(Input data)

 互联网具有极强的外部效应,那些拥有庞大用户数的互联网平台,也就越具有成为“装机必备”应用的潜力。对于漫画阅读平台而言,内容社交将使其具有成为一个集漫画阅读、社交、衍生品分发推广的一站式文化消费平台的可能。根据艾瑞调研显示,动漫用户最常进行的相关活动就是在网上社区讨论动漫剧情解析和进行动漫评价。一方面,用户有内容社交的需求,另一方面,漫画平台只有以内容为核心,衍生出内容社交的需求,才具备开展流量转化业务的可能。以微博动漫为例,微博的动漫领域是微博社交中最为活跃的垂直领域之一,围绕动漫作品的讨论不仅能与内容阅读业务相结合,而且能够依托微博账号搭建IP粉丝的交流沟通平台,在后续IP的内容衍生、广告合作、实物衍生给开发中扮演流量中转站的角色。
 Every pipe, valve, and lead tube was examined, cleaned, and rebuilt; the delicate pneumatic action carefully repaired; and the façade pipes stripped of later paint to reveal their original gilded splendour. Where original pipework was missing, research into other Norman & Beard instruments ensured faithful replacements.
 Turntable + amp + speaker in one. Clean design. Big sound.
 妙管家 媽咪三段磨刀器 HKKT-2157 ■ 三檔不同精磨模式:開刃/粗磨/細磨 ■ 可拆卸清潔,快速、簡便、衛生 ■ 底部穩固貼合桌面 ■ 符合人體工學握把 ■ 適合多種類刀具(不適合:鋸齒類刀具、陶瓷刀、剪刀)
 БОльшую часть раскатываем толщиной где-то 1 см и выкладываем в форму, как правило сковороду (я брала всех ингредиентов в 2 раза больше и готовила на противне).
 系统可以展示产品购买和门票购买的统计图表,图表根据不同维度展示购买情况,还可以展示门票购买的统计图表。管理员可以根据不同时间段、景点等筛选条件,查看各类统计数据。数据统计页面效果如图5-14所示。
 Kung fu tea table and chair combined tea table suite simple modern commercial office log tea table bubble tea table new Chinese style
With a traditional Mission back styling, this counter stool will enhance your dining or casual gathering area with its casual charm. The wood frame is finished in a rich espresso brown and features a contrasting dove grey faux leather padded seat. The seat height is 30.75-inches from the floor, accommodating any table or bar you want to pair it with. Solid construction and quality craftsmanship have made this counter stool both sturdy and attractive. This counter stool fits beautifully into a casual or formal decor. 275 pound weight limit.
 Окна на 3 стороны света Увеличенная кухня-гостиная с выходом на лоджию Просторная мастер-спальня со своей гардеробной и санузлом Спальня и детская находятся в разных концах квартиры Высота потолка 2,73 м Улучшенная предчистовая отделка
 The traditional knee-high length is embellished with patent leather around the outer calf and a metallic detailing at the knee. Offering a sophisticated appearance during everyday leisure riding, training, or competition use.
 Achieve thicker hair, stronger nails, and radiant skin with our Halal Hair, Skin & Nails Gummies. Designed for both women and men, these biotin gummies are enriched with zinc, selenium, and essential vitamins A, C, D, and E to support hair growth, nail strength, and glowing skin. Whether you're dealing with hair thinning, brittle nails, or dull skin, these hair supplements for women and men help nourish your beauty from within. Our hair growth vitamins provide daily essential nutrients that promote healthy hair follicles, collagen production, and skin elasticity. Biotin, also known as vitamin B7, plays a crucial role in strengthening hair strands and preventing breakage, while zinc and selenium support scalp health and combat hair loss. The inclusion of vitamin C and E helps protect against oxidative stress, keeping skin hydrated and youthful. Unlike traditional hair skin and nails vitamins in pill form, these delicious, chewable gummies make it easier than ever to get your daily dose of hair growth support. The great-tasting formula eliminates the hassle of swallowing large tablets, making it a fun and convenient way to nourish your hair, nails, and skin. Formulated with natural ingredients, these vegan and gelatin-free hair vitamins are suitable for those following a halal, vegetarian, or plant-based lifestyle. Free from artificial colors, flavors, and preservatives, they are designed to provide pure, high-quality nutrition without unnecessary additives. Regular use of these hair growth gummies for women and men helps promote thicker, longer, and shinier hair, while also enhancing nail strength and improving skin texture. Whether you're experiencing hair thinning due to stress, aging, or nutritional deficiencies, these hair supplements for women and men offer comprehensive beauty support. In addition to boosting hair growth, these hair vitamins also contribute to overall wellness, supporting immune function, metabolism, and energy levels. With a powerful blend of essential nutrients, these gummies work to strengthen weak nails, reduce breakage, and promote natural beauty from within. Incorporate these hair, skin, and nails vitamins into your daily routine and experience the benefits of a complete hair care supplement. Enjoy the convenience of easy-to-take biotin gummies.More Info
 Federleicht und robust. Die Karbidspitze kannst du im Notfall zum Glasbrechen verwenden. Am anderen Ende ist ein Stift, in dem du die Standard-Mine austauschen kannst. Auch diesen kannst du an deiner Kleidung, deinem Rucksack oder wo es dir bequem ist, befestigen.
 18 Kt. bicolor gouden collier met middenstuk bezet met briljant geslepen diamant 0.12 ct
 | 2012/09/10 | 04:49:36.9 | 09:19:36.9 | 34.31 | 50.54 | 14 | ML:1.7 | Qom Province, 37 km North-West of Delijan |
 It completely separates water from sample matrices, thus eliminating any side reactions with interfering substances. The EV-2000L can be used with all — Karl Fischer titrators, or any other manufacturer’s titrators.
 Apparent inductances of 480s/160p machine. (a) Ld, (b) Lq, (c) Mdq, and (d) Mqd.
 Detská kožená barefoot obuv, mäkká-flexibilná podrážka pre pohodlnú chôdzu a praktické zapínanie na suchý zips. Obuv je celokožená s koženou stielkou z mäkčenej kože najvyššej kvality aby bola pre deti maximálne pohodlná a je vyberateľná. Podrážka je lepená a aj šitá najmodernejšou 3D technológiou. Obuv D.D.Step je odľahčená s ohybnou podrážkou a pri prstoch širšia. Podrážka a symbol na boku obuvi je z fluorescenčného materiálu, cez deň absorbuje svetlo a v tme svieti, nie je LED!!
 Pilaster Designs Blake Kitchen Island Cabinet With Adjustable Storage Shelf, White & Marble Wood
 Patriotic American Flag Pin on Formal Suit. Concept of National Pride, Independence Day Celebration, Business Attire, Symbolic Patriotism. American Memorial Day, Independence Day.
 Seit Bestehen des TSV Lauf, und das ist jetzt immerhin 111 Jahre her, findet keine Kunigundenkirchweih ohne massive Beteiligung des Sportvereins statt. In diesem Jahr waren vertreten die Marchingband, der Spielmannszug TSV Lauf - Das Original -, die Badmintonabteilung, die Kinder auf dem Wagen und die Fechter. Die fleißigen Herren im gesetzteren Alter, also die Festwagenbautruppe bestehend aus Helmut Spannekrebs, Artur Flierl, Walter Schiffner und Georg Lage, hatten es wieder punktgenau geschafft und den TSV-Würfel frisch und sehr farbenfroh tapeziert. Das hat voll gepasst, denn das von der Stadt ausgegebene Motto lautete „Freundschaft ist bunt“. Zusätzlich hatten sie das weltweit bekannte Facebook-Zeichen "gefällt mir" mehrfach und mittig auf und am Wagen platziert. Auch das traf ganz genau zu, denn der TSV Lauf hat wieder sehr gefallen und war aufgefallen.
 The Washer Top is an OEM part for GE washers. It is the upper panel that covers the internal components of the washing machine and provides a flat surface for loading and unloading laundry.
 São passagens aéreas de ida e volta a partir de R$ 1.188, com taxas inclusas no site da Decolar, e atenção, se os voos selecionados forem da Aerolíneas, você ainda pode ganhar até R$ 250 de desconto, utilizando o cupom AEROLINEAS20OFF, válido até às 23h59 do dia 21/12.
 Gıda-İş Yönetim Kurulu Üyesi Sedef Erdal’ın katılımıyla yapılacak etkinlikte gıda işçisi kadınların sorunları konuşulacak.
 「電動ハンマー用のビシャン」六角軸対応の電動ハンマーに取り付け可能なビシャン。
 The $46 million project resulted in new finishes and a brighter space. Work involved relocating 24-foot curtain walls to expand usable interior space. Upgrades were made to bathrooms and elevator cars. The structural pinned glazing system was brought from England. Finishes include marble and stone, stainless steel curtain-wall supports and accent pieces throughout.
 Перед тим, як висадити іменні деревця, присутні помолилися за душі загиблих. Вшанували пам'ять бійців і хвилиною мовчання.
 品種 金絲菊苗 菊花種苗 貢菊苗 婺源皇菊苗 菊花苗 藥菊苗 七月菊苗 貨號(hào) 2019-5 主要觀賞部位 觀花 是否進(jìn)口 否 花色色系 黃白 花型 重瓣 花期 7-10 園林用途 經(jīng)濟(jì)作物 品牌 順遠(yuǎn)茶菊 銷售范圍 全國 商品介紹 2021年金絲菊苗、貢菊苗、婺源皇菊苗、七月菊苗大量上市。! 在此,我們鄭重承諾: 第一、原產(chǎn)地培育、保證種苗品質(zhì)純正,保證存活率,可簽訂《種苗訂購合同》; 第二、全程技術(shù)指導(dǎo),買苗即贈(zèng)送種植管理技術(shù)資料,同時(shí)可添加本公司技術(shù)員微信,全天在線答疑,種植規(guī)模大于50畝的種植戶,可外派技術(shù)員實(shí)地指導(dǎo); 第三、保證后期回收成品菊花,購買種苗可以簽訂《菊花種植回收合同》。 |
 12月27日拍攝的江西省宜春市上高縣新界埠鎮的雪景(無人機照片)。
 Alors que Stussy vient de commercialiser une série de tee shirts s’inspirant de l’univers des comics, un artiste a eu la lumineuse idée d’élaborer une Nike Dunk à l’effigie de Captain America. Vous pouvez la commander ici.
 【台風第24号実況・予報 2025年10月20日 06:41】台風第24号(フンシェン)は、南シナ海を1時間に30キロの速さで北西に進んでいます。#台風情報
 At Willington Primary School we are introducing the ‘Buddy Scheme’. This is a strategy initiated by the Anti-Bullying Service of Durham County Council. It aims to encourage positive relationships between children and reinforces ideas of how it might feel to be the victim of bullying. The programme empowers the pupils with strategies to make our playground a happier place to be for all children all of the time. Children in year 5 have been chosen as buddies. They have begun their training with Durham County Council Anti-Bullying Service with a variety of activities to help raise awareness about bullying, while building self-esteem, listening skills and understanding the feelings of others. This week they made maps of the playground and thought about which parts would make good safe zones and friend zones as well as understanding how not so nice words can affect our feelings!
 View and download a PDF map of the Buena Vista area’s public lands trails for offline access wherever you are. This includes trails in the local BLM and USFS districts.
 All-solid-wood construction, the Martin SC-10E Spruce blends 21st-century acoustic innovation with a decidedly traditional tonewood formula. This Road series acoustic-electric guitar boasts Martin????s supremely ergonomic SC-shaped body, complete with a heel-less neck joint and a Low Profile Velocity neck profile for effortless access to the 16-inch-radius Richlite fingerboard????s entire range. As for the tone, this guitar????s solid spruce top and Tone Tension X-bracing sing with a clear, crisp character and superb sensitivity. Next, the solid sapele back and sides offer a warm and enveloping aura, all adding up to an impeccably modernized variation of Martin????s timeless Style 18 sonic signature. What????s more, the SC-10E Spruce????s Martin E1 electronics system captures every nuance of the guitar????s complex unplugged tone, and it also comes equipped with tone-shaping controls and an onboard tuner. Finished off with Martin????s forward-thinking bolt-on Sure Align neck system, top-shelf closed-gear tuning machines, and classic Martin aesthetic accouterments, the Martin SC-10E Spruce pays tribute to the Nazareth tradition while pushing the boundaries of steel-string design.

(End Input data)

§ **How to complete this task**
Working through the records above, copy each line in which "area" is found.

§ **Solution to the exercise**
With a traditional Mission back styling, this counter stool will enhance your dining or casual gathering area with its casual charm. The wood frame is finished in a rich espresso brown and features a contrasting dove grey faux leather padded seat. The seat height is 30.75-inches from the floor, accommodating any table or bar you want to pair it with. Solid construction and quality craftsmanship have made this counter stool both sturdy and attractive. This counter stool fits beautifully into a casual or formal decor. 275 pound weight limit.
 View and download a PDF map of the Buena Vista area’s public lands trails for offline access wherever you are. This includes trails in the local BLM and USFS districts.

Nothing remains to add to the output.